[[ Dataset records, beginning ]]

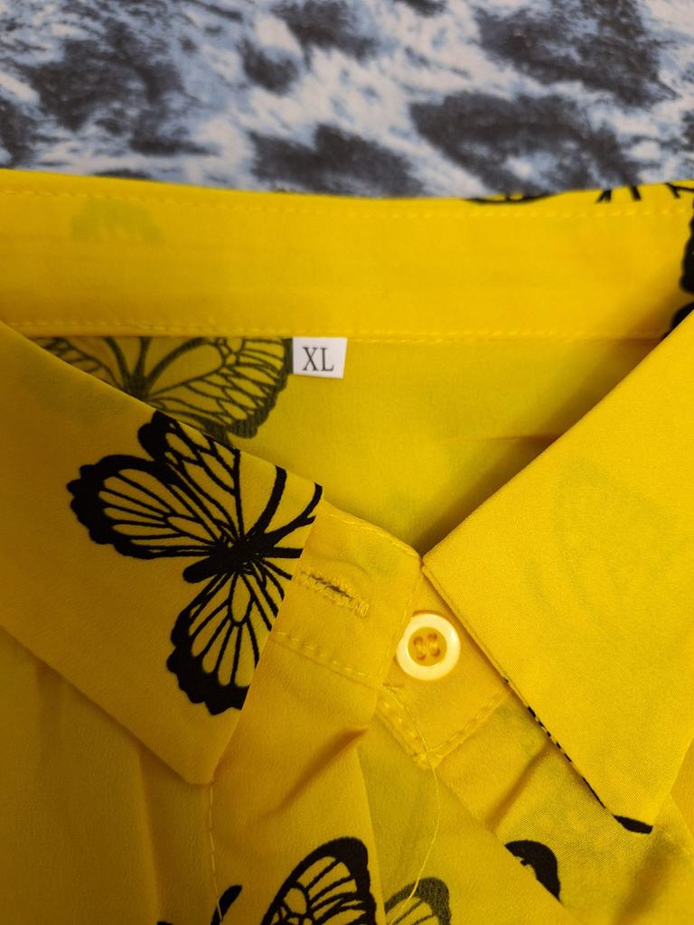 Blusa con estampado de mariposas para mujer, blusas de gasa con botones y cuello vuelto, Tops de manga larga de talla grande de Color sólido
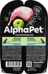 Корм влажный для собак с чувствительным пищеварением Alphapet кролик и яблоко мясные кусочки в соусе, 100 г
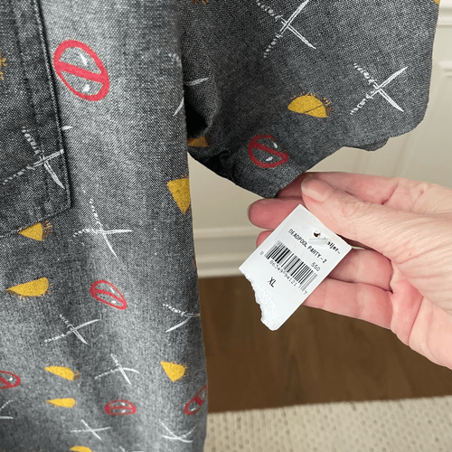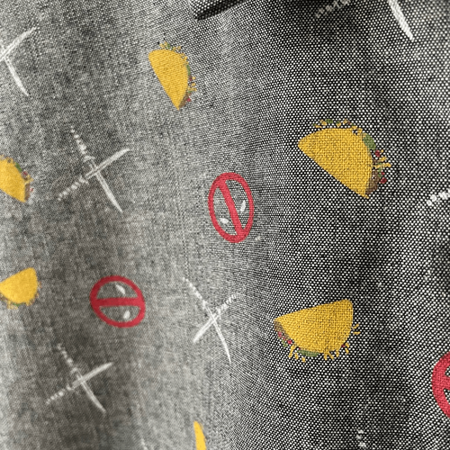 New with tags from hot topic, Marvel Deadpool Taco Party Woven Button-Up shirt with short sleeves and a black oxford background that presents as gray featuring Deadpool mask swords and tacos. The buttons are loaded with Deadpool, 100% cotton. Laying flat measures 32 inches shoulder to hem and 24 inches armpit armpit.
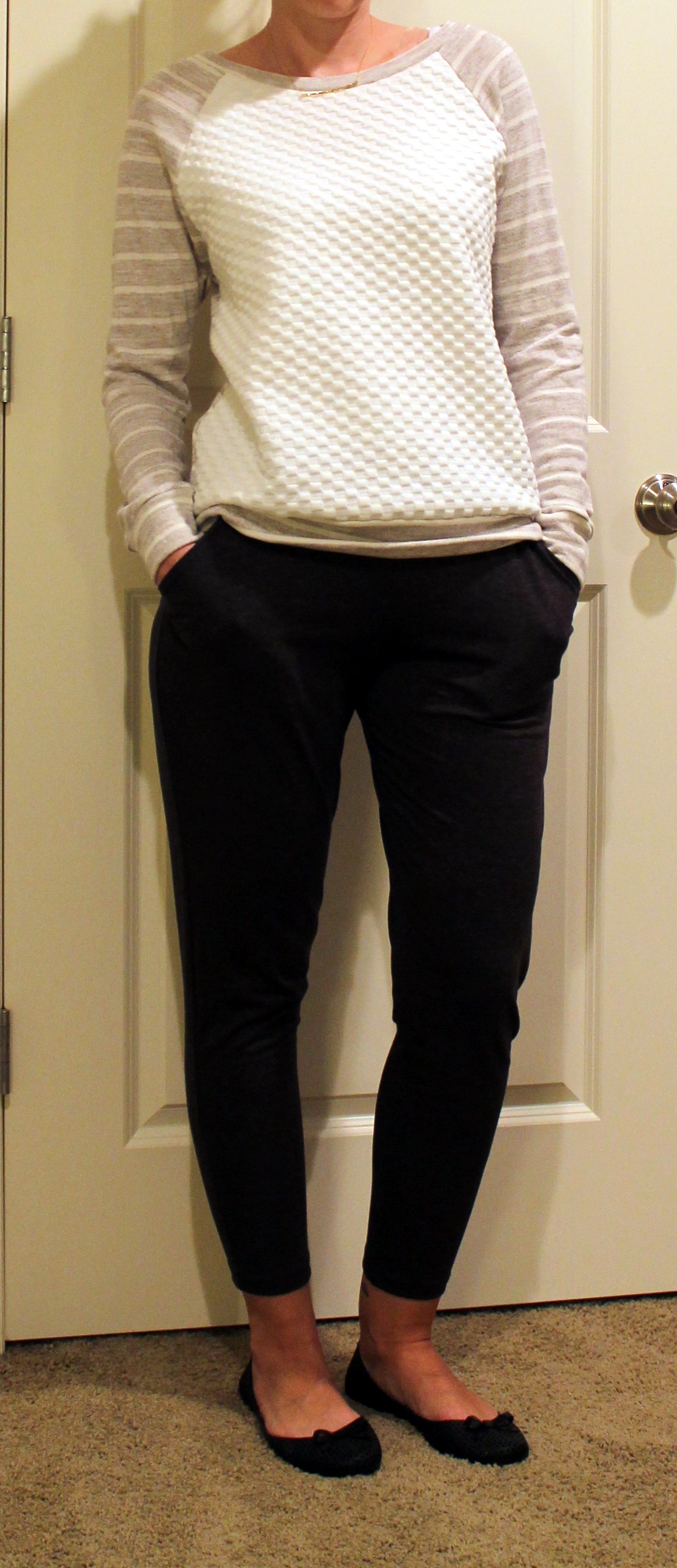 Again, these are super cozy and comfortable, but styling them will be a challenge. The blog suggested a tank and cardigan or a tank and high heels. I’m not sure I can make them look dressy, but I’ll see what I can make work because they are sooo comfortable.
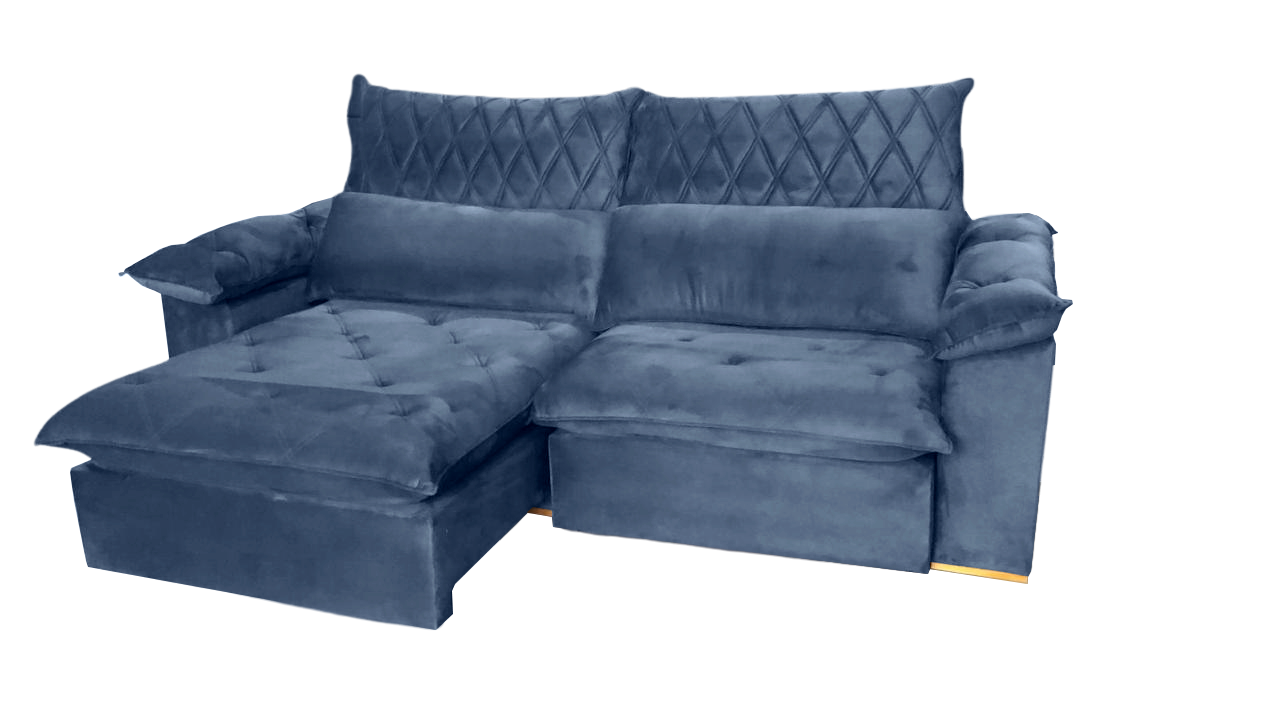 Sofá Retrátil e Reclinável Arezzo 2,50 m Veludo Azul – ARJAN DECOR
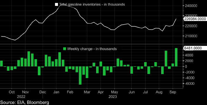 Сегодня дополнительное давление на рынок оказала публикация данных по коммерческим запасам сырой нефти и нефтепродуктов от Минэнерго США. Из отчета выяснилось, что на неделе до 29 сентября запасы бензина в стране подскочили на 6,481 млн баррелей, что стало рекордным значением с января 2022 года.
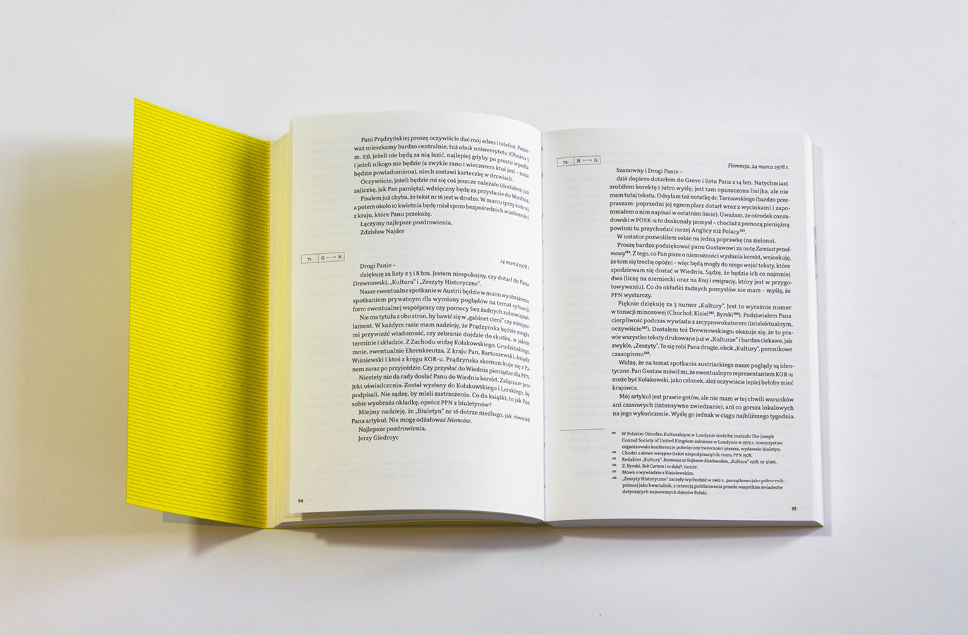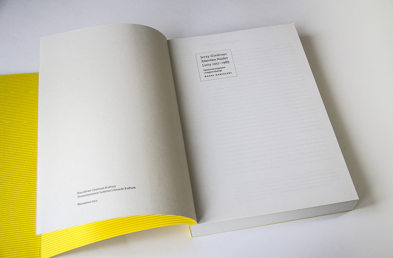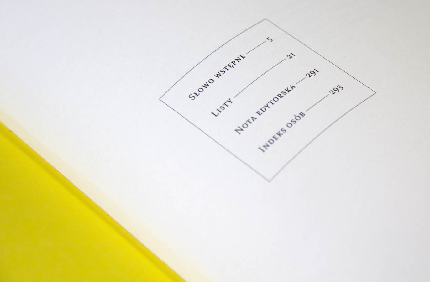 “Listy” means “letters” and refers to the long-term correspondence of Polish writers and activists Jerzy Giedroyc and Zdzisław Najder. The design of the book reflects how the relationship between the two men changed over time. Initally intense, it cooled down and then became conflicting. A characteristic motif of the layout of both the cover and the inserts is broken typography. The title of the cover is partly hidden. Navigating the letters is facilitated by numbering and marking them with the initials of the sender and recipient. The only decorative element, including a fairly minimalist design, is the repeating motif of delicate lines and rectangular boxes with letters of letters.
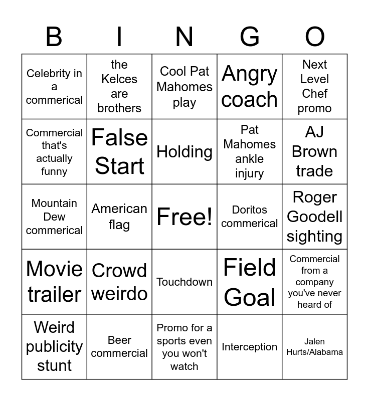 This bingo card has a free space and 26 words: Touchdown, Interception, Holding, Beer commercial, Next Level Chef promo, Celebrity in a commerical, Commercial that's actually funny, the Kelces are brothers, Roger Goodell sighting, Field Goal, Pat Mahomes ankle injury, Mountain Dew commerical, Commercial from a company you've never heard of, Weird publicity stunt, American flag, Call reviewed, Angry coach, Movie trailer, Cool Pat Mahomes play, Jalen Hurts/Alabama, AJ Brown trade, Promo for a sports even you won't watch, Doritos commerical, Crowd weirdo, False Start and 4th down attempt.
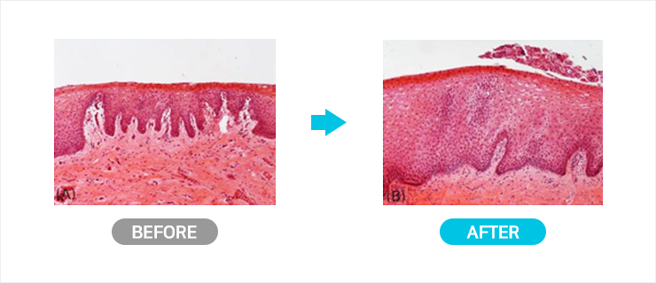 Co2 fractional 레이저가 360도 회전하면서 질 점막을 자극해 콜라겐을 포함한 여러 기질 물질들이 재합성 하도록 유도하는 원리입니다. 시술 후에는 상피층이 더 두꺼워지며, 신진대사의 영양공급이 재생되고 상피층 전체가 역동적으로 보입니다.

[[ Dataset records, end ]]

Write every record out again exactly, omitting the pictures they hold.

Your solution »
 Blusa con estampado de mariposas para mujer, blusas de gasa con botones y cuello vuelto, Tops de manga larga de talla grande de Color sólido
 Корм влажный для собак с чувствительным пищеварением Alphapet кролик и яблоко мясные кусочки в соусе, 100 г
 New with tags from hot topic, Marvel Deadpool Taco Party Woven Button-Up shirt with short sleeves and a black oxford background that presents as gray featuring Deadpool mask swords and tacos. The buttons are loaded with Deadpool, 100% cotton. Laying flat measures 32 inches shoulder to hem and 24 inches armpit armpit.
 Again, these are super cozy and comfortable, but styling them will be a challenge. The blog suggested a tank and cardigan or a tank and high heels. I’m not sure I can make them look dressy, but I’ll see what I can make work because they are sooo comfortable.
 Sofá Retrátil e Reclinável Arezzo 2,50 m Veludo Azul – ARJAN DECOR
 Сегодня дополнительное давление на рынок оказала публикация данных по коммерческим запасам сырой нефти и нефтепродуктов от Минэнерго США. Из отчета выяснилось, что на неделе до 29 сентября запасы бензина в стране подскочили на 6,481 млн баррелей, что стало рекордным значением с января 2022 года.
 “Listy” means “letters” and refers to the long-term correspondence of Polish writers and activists Jerzy Giedroyc and Zdzisław Najder. The design of the book reflects how the relationship between the two men changed over time. Initally intense, it cooled down and then became conflicting. A characteristic motif of the layout of both the cover and the inserts is broken typography. The title of the cover is partly hidden. Navigating the letters is facilitated by numbering and marking them with the initials of the sender and recipient. The only decorative element, including a fairly minimalist design, is the repeating motif of delicate lines and rectangular boxes with letters of letters.
 This bingo card has a free space and 26 words: Touchdown, Interception, Holding, Beer commercial, Next Level Chef promo, Celebrity in a commerical, Commercial that's actually funny, the Kelces are brothers, Roger Goodell sighting, Field Goal, Pat Mahomes ankle injury, Mountain Dew commerical, Commercial from a company you've never heard of, Weird publicity stunt, American flag, Call reviewed, Angry coach, Movie trailer, Cool Pat Mahomes play, Jalen Hurts/Alabama, AJ Brown trade, Promo for a sports even you won't watch, Doritos commerical, Crowd weirdo, False Start and 4th down attempt.
 Co2 fractional 레이저가 360도 회전하면서 질 점막을 자극해 콜라겐을 포함한 여러 기질 물질들이 재합성 하도록 유도하는 원리입니다. 시술 후에는 상피층이 더 두꺼워지며, 신진대사의 영양공급이 재생되고 상피층 전체가 역동적으로 보입니다.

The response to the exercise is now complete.